§ Requirement:
From the line that contains "Připadá mi, že" down to the final line below, please repeat each line exactly and nothing more, with no pictures.
--- Material supplied Enclosed Below ---
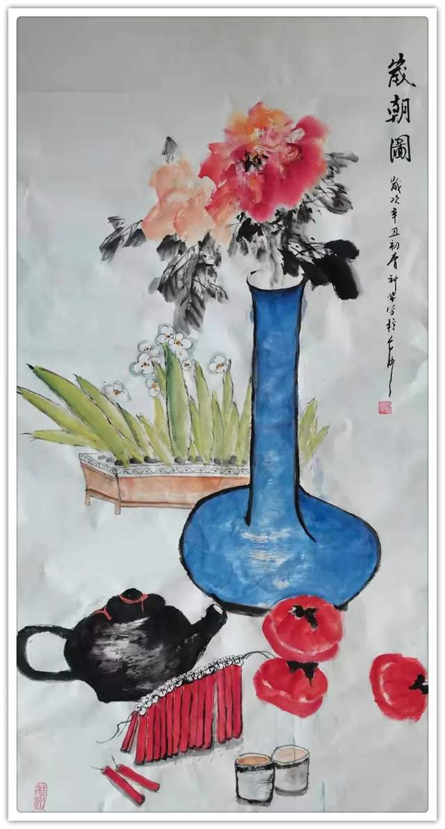(12)国画《迎新春》参加省直机关“颂歌献给党"庆中国共产党成立100周年书画展为入展作品;
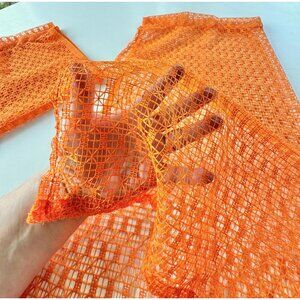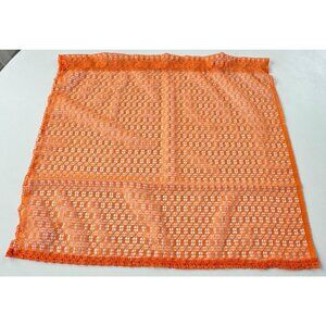 Vintage 70s curtains pair, bright orange mesh panels, open weave
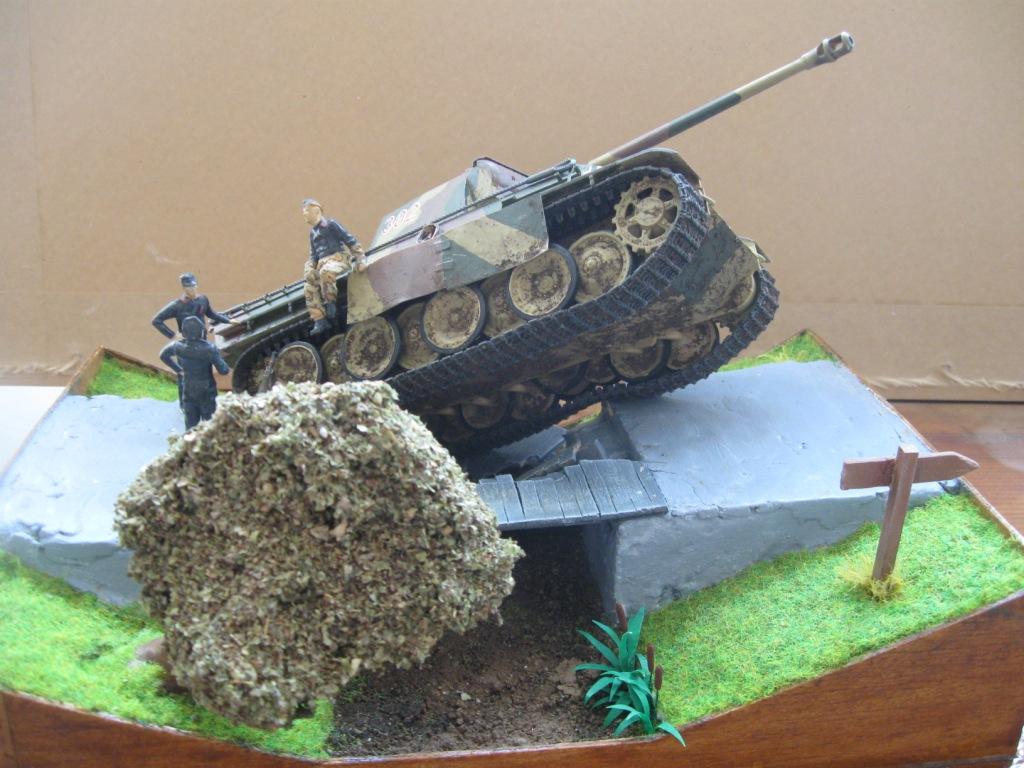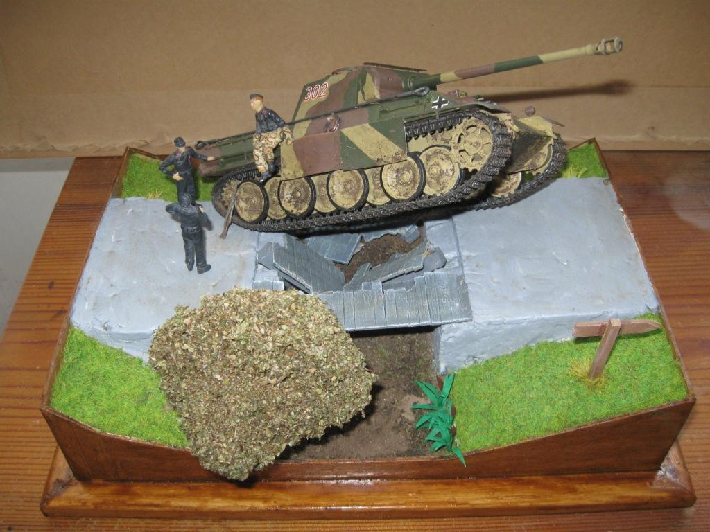 Připadá mi, že je Panther ze tří čtvrtin nad mostkem a vtom případě by se převážil asi zpět na pásy. Možná je to ale fotkou. Jak psal kolega Markus, pokud by most nevydržel váhu tanku, tak ten by se nejspíš propadl předkem a opřel laufem o vozovku.
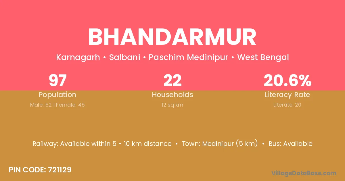 Medinipur (5 km) is the nearest town to Bhandarmur village for major economic activities and is located approximately 5 km away.
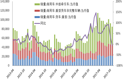 今年重卡销量持续超市场预期,去年国家标准修改了半挂车最大载重,运力不足所带来的增量需求与上一轮2010年重卡周期的替换需求叠加导致今年重卡销量高增长。但11月重卡销量同比下降7.65%,高增长时代已经过去,明年销量增速将显著下滑。从政策来看,2017年10月1日起,“2+26”个城市及山西、河南省成品油已升级到国六标准,普柴升级“国五”标准的时间也由2018年1月1日提前至2017年11月1日,这部分的替换需求在今年也已被释放。
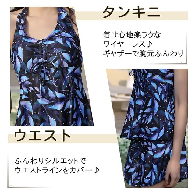 [TaoTech] 水着 レディース タンキニ 体型カバー 4点セット カバーアップ オーバーTシャツ ショートパンツ ママ水着 (M, ブラック×ブルーリーフ)
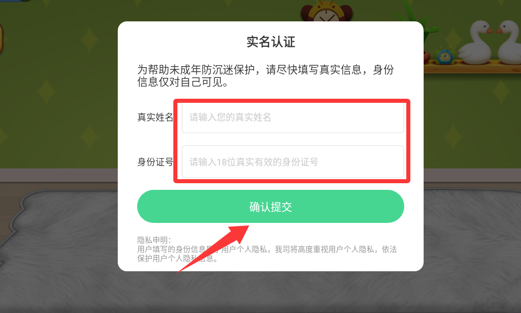 2、填寫真實的姓名和真實身份證號碼點擊確認(rèn)提交。
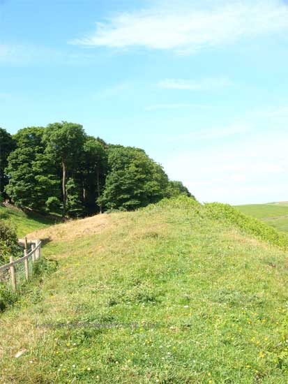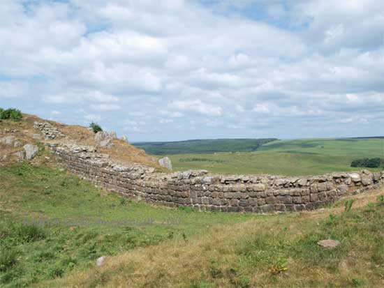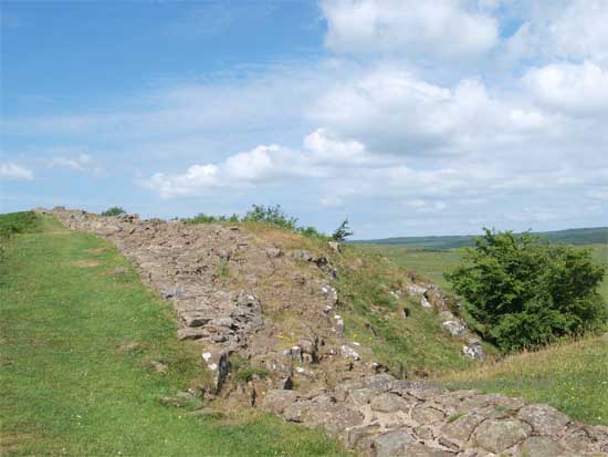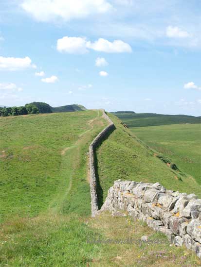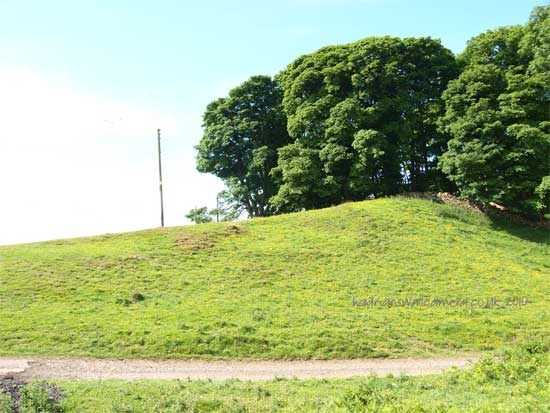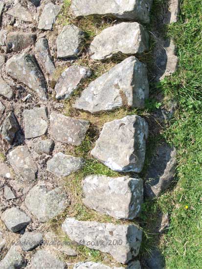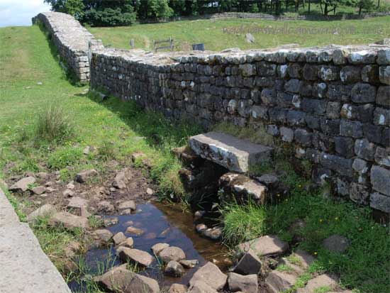 South of the wall was the Vallum, a complex consisting of a 20 ft ditch with a wide bottom section and mounds composed of spoil to north and south. The wall was built to the design width only on the eastern slope. The Milecastles built before the change of plan had 10ft wings on either side. The curtain wall as finally built was substantially narrower and the join is indicated in the diagram.
--- End of Enclosed Material supplied ---
§ Your response:
 Připadá mi, že je Panther ze tří čtvrtin nad mostkem a vtom případě by se převážil asi zpět na pásy. Možná je to ale fotkou. Jak psal kolega Markus, pokud by most nevydržel váhu tanku, tak ten by se nejspíš propadl předkem a opřel laufem o vozovku.
 Medinipur (5 km) is the nearest town to Bhandarmur village for major economic activities and is located approximately 5 km away.
 今年重卡销量持续超市场预期,去年国家标准修改了半挂车最大载重,运力不足所带来的增量需求与上一轮2010年重卡周期的替换需求叠加导致今年重卡销量高增长。但11月重卡销量同比下降7.65%,高增长时代已经过去,明年销量增速将显著下滑。从政策来看,2017年10月1日起,“2+26”个城市及山西、河南省成品油已升级到国六标准,普柴升级“国五”标准的时间也由2018年1月1日提前至2017年11月1日,这部分的替换需求在今年也已被释放。
 [TaoTech] 水着 レディース タンキニ 体型カバー 4点セット カバーアップ オーバーTシャツ ショートパンツ ママ水着 (M, ブラック×ブルーリーフ)
 2、填寫真實的姓名和真實身份證號碼點擊確認(rèn)提交。
 South of the wall was the Vallum, a complex consisting of a 20 ft ditch with a wide bottom section and mounds composed of spoil to north and south. The wall was built to the design width only on the eastern slope. The Milecastles built before the change of plan had 10ft wings on either side. The curtain wall as finally built was substantially narrower and the join is indicated in the diagram.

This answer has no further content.